[Opening Exercise input section]

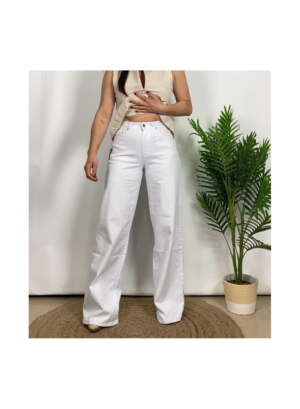 º Jeans tiro alto, cierre con botón y cremallera.
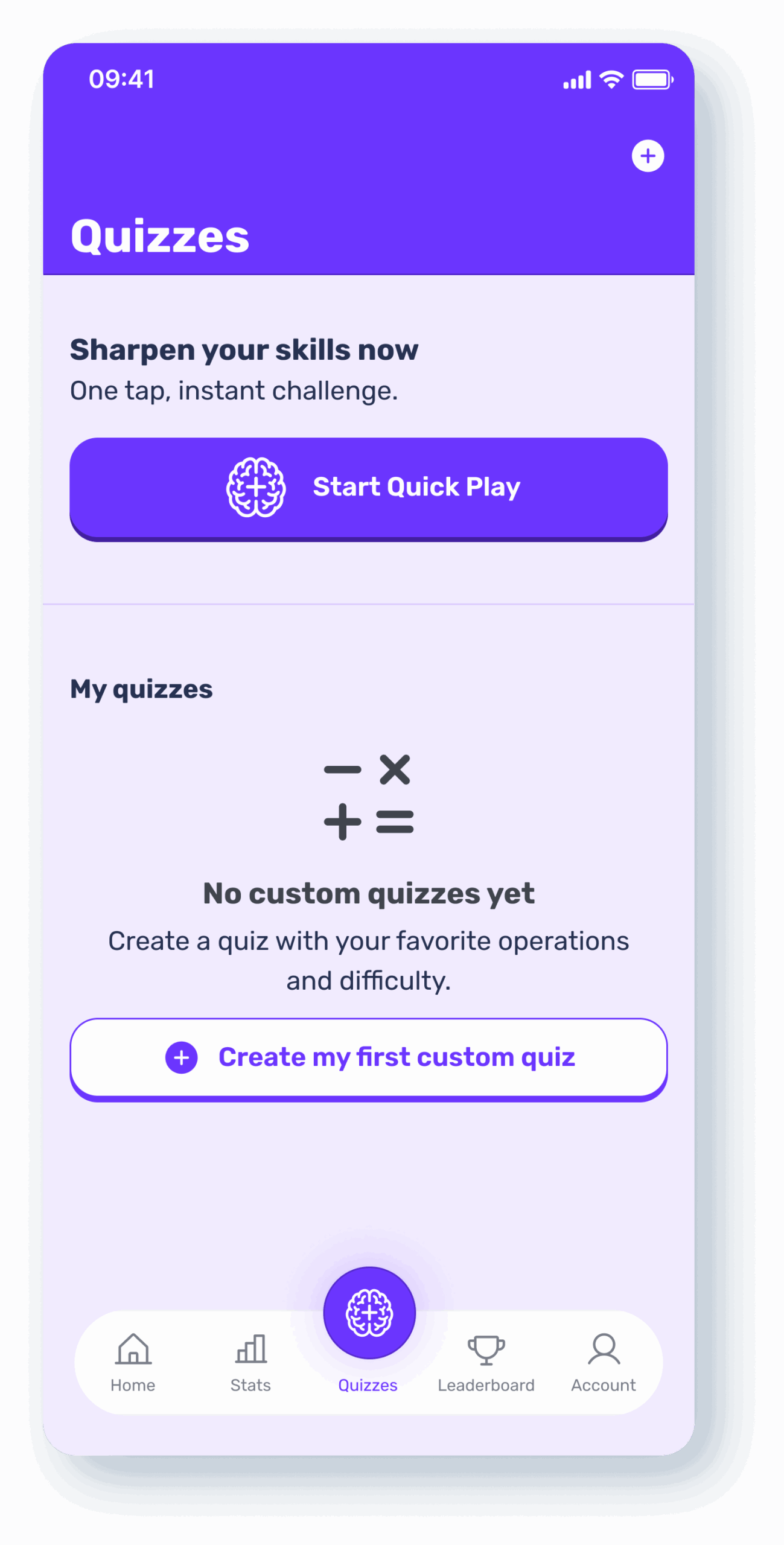 MathDistract is built for the 30 to 60 second window. From the home screen, users can launch Quick Start with a single tap and immediately drop into a timed quiz with no forms, no setup, and no tutorials. The engine serves up a stream of mentally manageable questions that can be answered with calculator style input, not multiple choice guessing. Whether you are in an elevator, on a couch, or waiting in line, you can open the app, complete a round, and close it again without friction. The app does not ask for a commitment. It simply offers a quick chance to feel sharp.
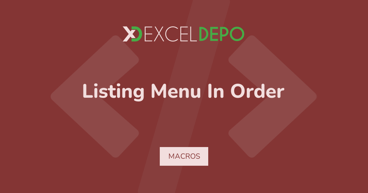 Excel Listing Menu in Order
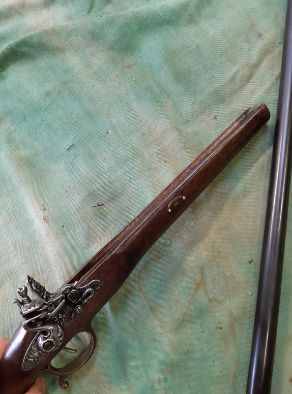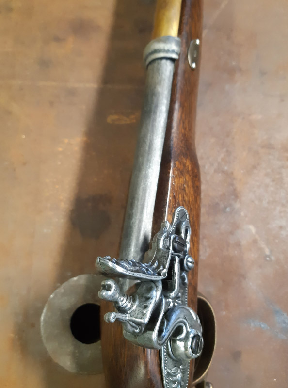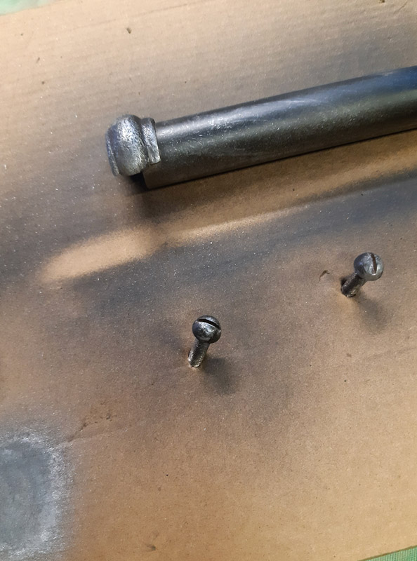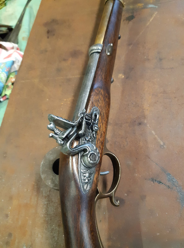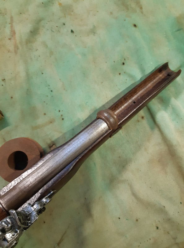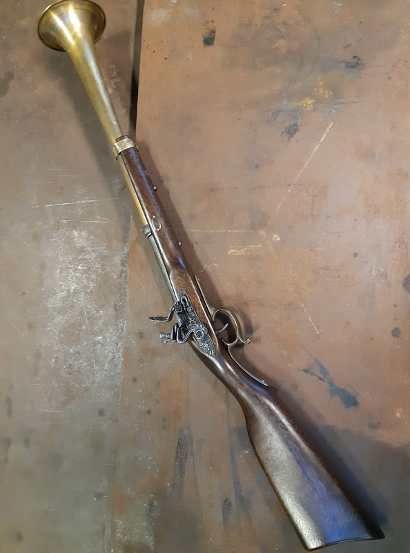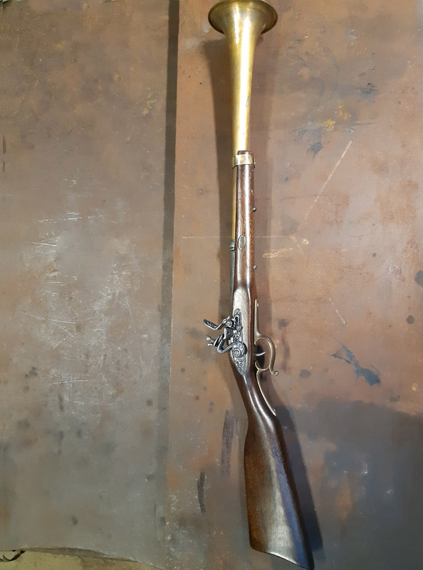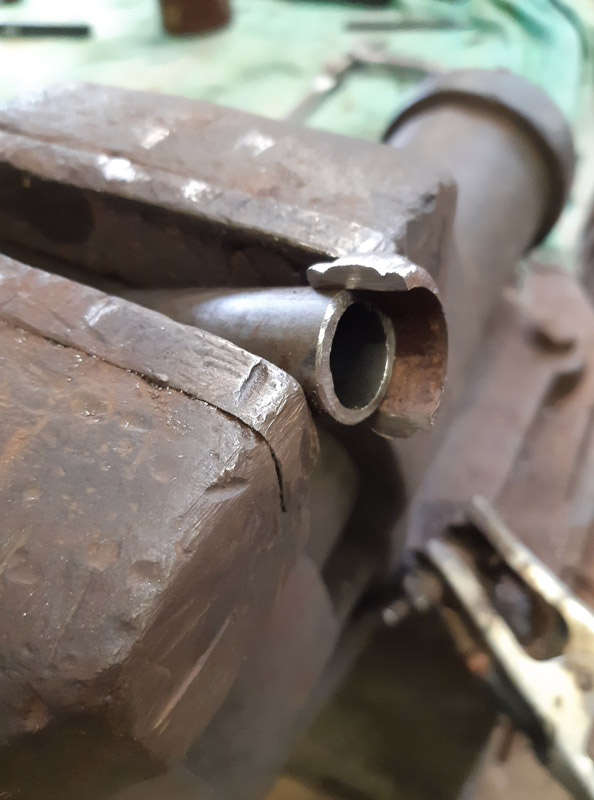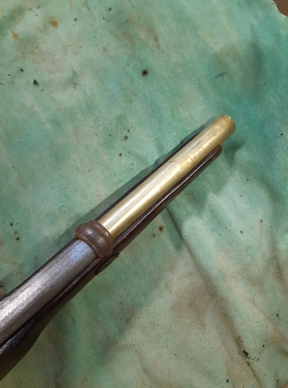 Saldatura del manicotto in ferro. Saldatura della canna in ottone con il trombone. Antichizzazione dell’ottone con il fegato di zolfo e colorazione della canna in ferro.
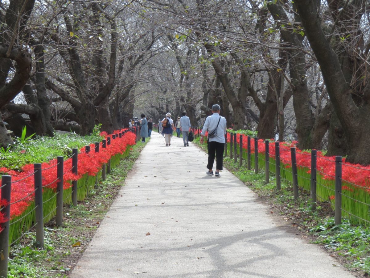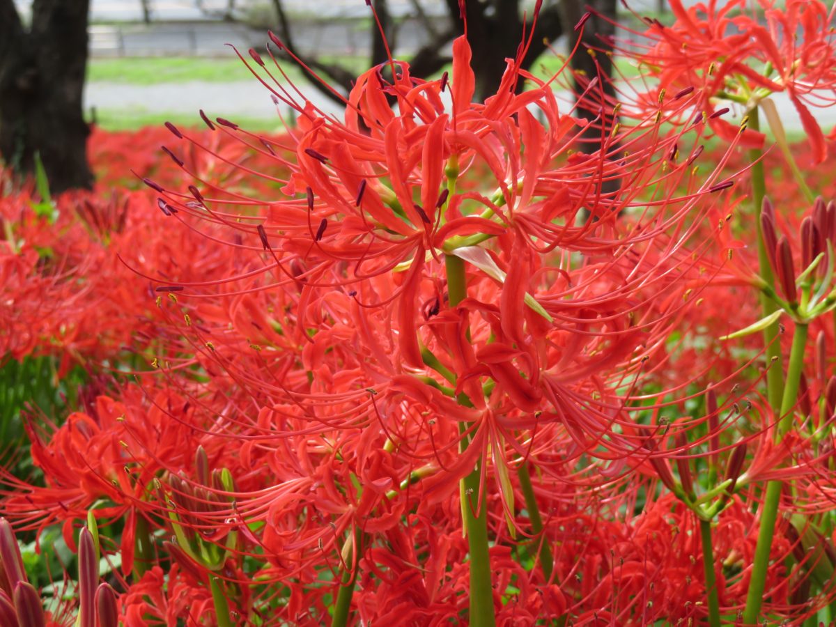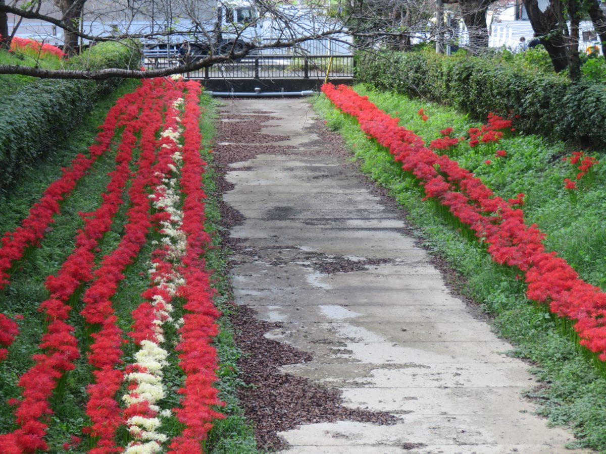 権現堂公園には2000年から市民ボランティアが、曼殊沙華を育てるようになりました。土手道の左右は、端から端まで曼殊沙華の花のラインが繋がります。足元に咲く曼殊沙華の花には愛らしさが満ち溢れます。

[Closing Exercise input section]

### Work request
Pictures are to be left out; the rest of the listing should be printed exactly.

### Answer
 º Jeans tiro alto, cierre con botón y cremallera.
 MathDistract is built for the 30 to 60 second window. From the home screen, users can launch Quick Start with a single tap and immediately drop into a timed quiz with no forms, no setup, and no tutorials. The engine serves up a stream of mentally manageable questions that can be answered with calculator style input, not multiple choice guessing. Whether you are in an elevator, on a couch, or waiting in line, you can open the app, complete a round, and close it again without friction. The app does not ask for a commitment. It simply offers a quick chance to feel sharp.
 Excel Listing Menu in Order
 Saldatura del manicotto in ferro. Saldatura della canna in ottone con il trombone. Antichizzazione dell’ottone con il fegato di zolfo e colorazione della canna in ferro.
 権現堂公園には2000年から市民ボランティアが、曼殊沙華を育てるようになりました。土手道の左右は、端から端まで曼殊沙華の花のラインが繋がります。足元に咲く曼殊沙華の花には愛らしさが満ち溢れます。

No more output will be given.